В учебной команде, где муштровали новобранцев, надумал я прикинуться эдаким деревенским дурнем — вдруг, мол, пожалеют на меня время зря тратить, да и отпустят на все четыре стороны. И стал я представляться, что никак команды не пойму: то и дело путаюсь и все исполняю шиворот-навыворот. Поучили меня тут плеткой, но на этом не кончилось. Назавтра раздели меня до пояса, взвалили на спину мешок с песком и давай, как для парада, меня и еще шестерых штрафников гонять по самому солнцепеку: «Напра-в-во!», «Нале-в-во!», «Кру-гом!» — и так подряд всю строевую подготовку, Спасибо еще, вовремя я смекнул, что нужно так дело вести, чтоб обман-то мой не раскрылся: поначалу я все тем же манером прикидывался, а потом помаленьку стал действовать как положено — вроде, значит, освоился. От большой беды я, можно сказать, себя этой уловкой спас, потому как штрафник один — поляк или кто уж он там был, не знаю, — возьми да с перепугу и давай сразу все команды в аккурат выполнять, ну, они, ясное дело, вмиг догадались, что он им голову морочил. И тут же приказали ему копать яму, потом стоймя его туда поставили да по шейку землей засыпали. До ночи он так, горемычный, промаялся, а потом его полумертвого оттуда откопали — верней сказать, мертвого, потому как он через пару дней в госпитале отдал богу душу, а перед тем ужас как мучился, горлом у него кровь шла, и даже мочился он кровью. Я, как такое увидел, еще ретивей начал разворачиваться, хоть мешок проклятый уже всю шкуру мне со спины спустил и ноги меня не держали. Офицер, видать, сжалился и дозволил; мне мешок-то скинуть, а я вроде и не слышу, все, знай себе, марширую.
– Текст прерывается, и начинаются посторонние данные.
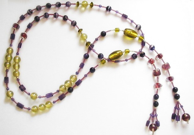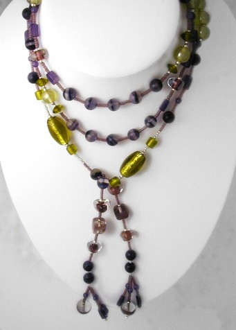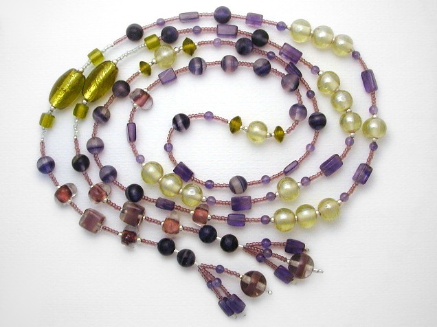 Gorgeous lariat necklace of amethyst, fluorite and hand-made glass

Тогда-то я и уразумел, какая такая миссия на нас возложена: раз враги замышляют резать нам головы, надобно скорее стать бравыми солдатами. А что еще поделаешь в эдаком положении? Убежать нельзя — кругом стены, болваном прикидываться — себе дороже, да и все одно в покое не оставят, недаром в песне, которой нас там обучали, пелось, что легионер «честен и смел» и что его судьба «победа или смерть».
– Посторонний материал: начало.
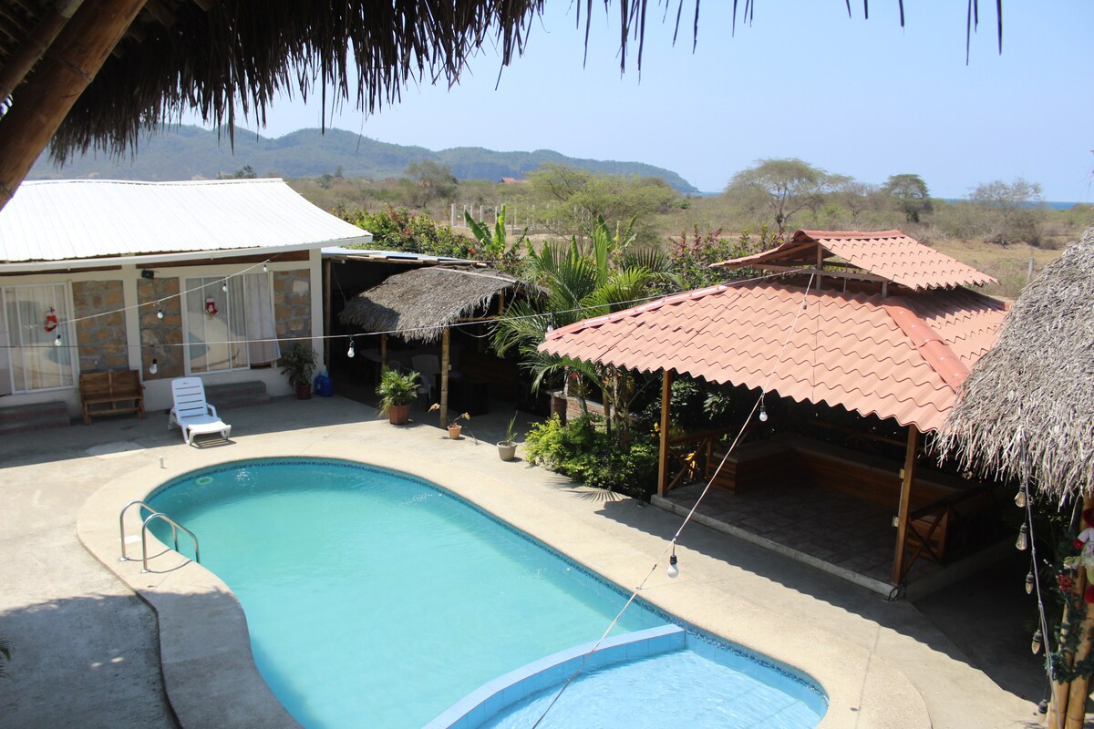 Vistamar, rustik cazibeyi modern konforla harmanlıyor: sakin okyanus manzaraları, klima, mobilyalı balkonlar ve bahçe alanları, sıcak su bulunan özel banyolar, günlük temizlik, Starlink WiFi (yedek güç ile), tüm odalarda ve ortak alanlarda masalar, iyi donanımlı bir mutfak ve özenli personel. Vistamar, tesis içi bir düzineden fazla tur operasyonunun yanı sıra muhteşem manzaralı günlük yoga sunuyor. Ayampe kasabasında, rezervin hemen önünde ve plaja ve mağazalara sadece 2 dakika yürüme mesafesinde.

— Песня что надо, — говорил Карлос, он все время ходил мрачнее тучи. Ни кабаки, ни девочки его не веселили, а стоило ему напиться, как он лез ко мне с кулаками, и товарищам приходилось нас разнимать — негоже легионерам бить друг другу морды, да еще из-за чего — из-за баб… И все наперебой выкладывали разные истории про женщин: от одного жена сбежала с другим, а этот сам жил с чужой женой и едва успел вовремя убраться, а то бы не сносить ему головы. Девицы, бывало, тоже слушали эти истории. Ко мне они ужас как липли, видать, мои рыжие волосы и борода им нравились. Одна из них — Ампарито ее звали — все меня табачком угощала и приставала, чтоб я ей про свою жизнь рассказал. Что ж, мне было о чем порассказать… И пока она пела про Марию де ла О, я все припоминал свои приключения с женщинами, но на ум все почему-то приходила эта горестная и стыдная история с Марианой, подругой Доброго Мула, и я злился на себя, потому как вовсе не желал трепать о ней языком в подобной компании. И тогда надумал я рассказать одну историю, я сам ее услышал от одного бездельника — вот заливать был мастер, из него прямо сыпались разные истории, одна другой забавней.
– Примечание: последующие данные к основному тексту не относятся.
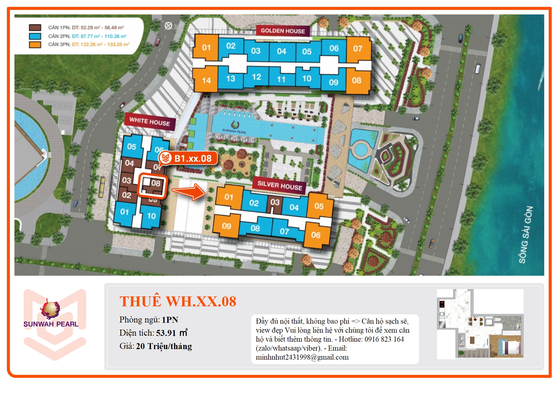Đầy đủ nội thất, không bao phí => Căn hộ sạch sẽ, view đẹp Vui lòng liên hệ với chúng tôi để xem căn hộ và biết thêm thông tin. - Hotline: 0916 823 164 (zalo/whatsaap/viber). - Email: minhnhut2431998@gmail.com
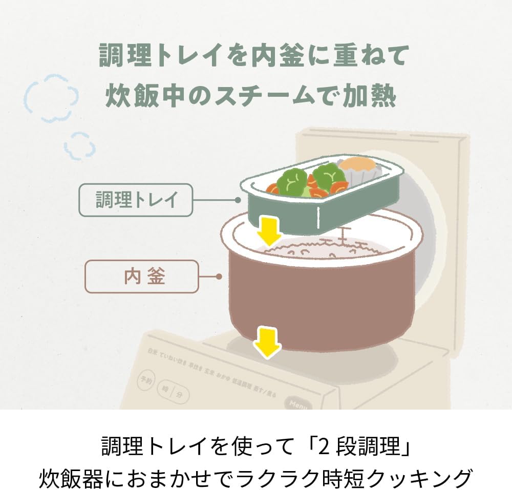 調理トレイを使えば炊飯と同時におかず2品まで調理可能。忙しい日もごはん+おかずが一台で完成し、洗い物も減らせる
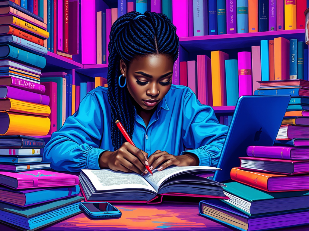 An artistic arrangement of open books, a journal, a smartphone, and a laptop amidst colorful bookshelves, symbolizing creativity and storytelling. AI generated.

Я почувствовал, что он сбивается на какие-то малоинтересные детали, и, чтобы вернуть его в главное русло повествования, спросил, где ему приходилось воевать. Он отвечал мне с той внутренней тревогой, которая росла в нем день ото дня:
— Не совру, коли скажу, что я во всех войнах, какие только были за последние годы, участвовал. И все они между собой схожи: везде убиваешь, чтоб тебя самого не убили. Я это делал на совесть, за что и награжден четырьмя медалями. А теперь вот сюда попал. За что? За то, что в первый раз в жизни за дело человека убил. Вот какая штука-то получается…
Мне одна цыганка за реал всю мою судьбу предсказала. Сперва она все плясала с бубном, а потом уселась ко мне на колени и за руку меня взяла, да сразу так свои цыганские глазища на меня и распахнула: «Ох, говорит, мил человек, большая беда тебя ожидает — станешь ты живой души погубитель». Тут все легионеры со смеху покатились: вот гадалка так гадалка, нечего сказать, — да какой же солдат на войне не губит живые души, — брось, парень, не слушай ее, шельму, она только за зря денежки выманивает. Но цыганка глянула на них, презрительно так, схватила меня за руку и потащила вон из бара. И вот она-то, сроду не дозволявшая белому человеку до себя коснуться, сама увела меня в поле и была моей подружкой все то время, пока я на учениях находился. Она мне и браслет подарила из конского волоса вороной масти и все просила меня, чтоб не допускал я гнева в свое сердце, потому как на роду мне написано погубить человеческую душу. Носила она мне табак и деньги. Адамастора ее звали, и глаза у нее были до того черные и такой красоты неописанной, что ни допрежь, ни после ни у одной женщины таких глаз я не видывал. А как плясала, как пела солеарес, как гадала «на счастье» — не чета другим цыганкам.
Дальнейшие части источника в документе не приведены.